# What the task requires:
Print exactly the lines below between the line holding "The Famée's Ballerins" and the line holding "Per il cinquantenario", inclusive, and nothing more.

# Data:
=== Begin Enclosure ===
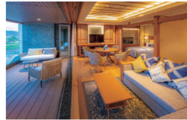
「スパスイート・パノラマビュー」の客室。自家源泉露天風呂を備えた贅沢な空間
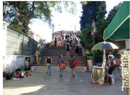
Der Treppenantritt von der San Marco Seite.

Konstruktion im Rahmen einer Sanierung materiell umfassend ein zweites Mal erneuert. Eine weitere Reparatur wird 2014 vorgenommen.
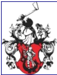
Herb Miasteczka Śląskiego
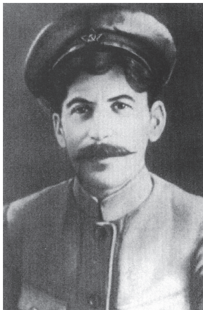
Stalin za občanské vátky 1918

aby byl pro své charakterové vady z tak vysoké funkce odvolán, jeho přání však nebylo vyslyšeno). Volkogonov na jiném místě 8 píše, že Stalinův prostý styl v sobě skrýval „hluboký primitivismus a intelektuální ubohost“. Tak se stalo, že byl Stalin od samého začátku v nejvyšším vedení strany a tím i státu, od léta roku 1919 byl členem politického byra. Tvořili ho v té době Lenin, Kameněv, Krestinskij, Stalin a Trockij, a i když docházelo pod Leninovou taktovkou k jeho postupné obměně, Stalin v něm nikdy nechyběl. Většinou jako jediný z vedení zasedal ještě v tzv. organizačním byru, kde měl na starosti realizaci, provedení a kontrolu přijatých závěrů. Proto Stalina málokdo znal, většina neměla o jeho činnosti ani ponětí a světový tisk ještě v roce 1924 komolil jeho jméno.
=== End Enclosure ===
=== Begin Enclosure ===
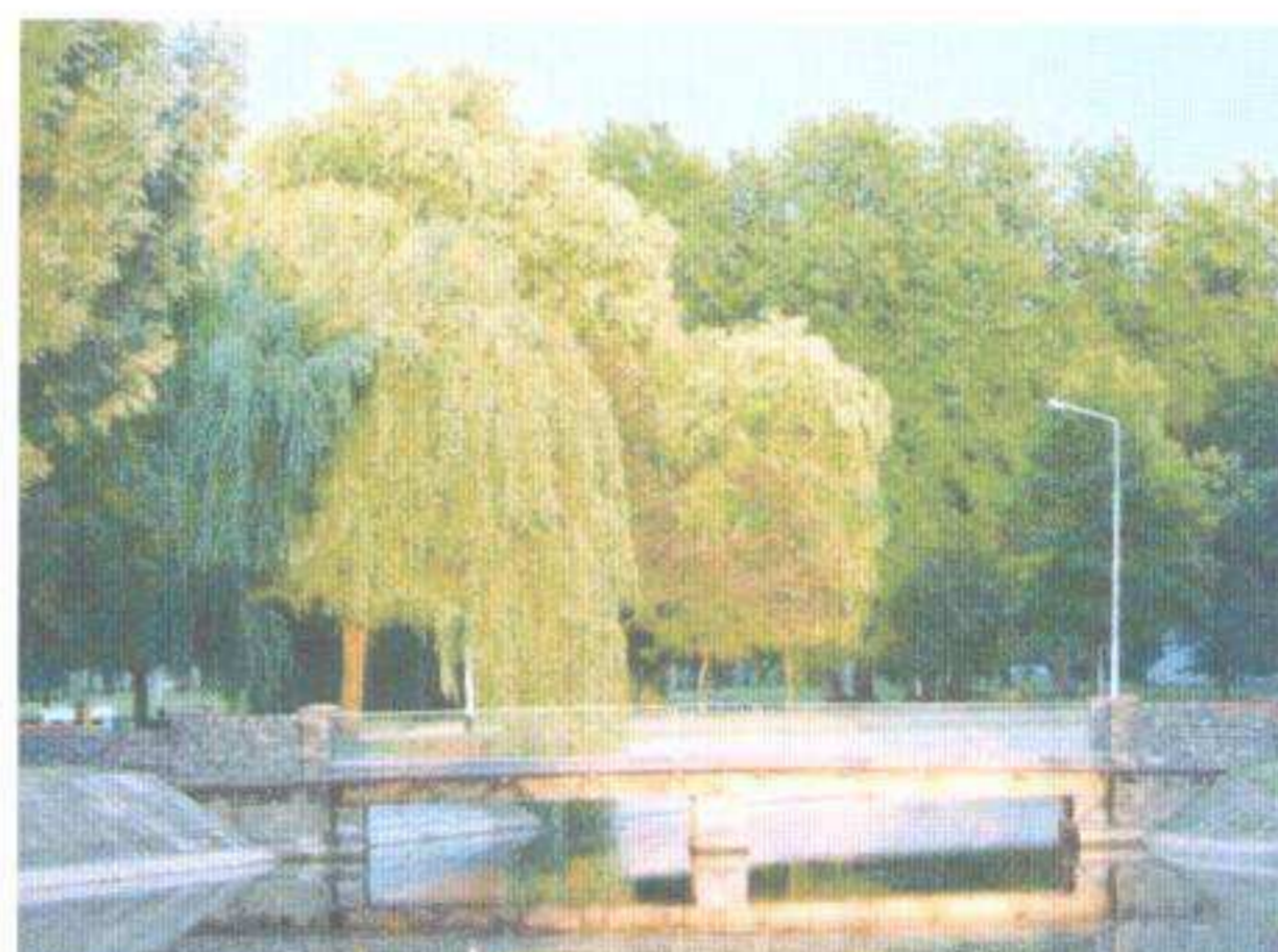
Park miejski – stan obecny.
=== End Enclosure ===
=== Begin Enclosure ===
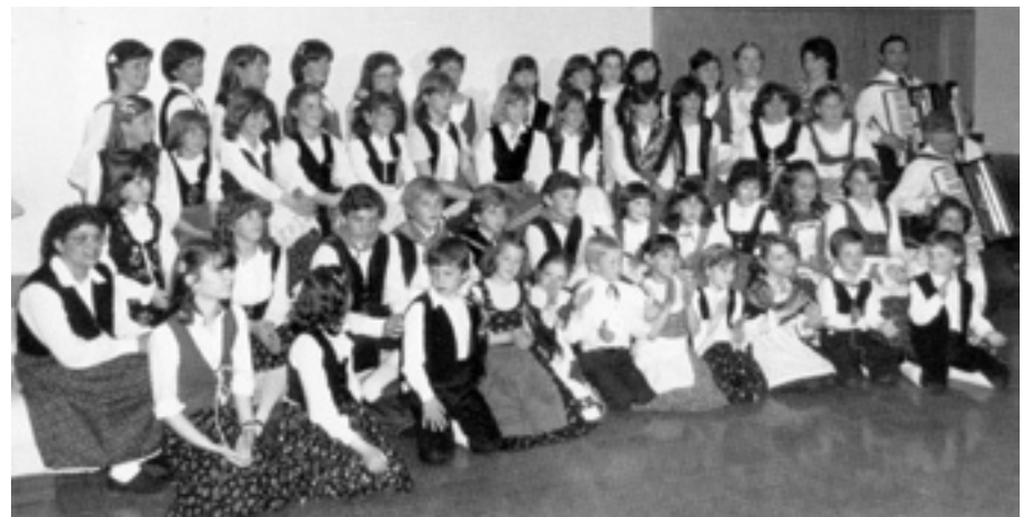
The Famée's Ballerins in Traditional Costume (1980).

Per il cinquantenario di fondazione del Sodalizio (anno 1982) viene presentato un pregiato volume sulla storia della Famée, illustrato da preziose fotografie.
=== End Enclosure ===
# Exercise response:
The Famée's Ballerins in Traditional Costume (1980).

Per il cinquantenario di fondazione del Sodalizio (anno 1982) viene presentato un pregiato volume sulla storia della Famée, illustrato da preziose fotografie.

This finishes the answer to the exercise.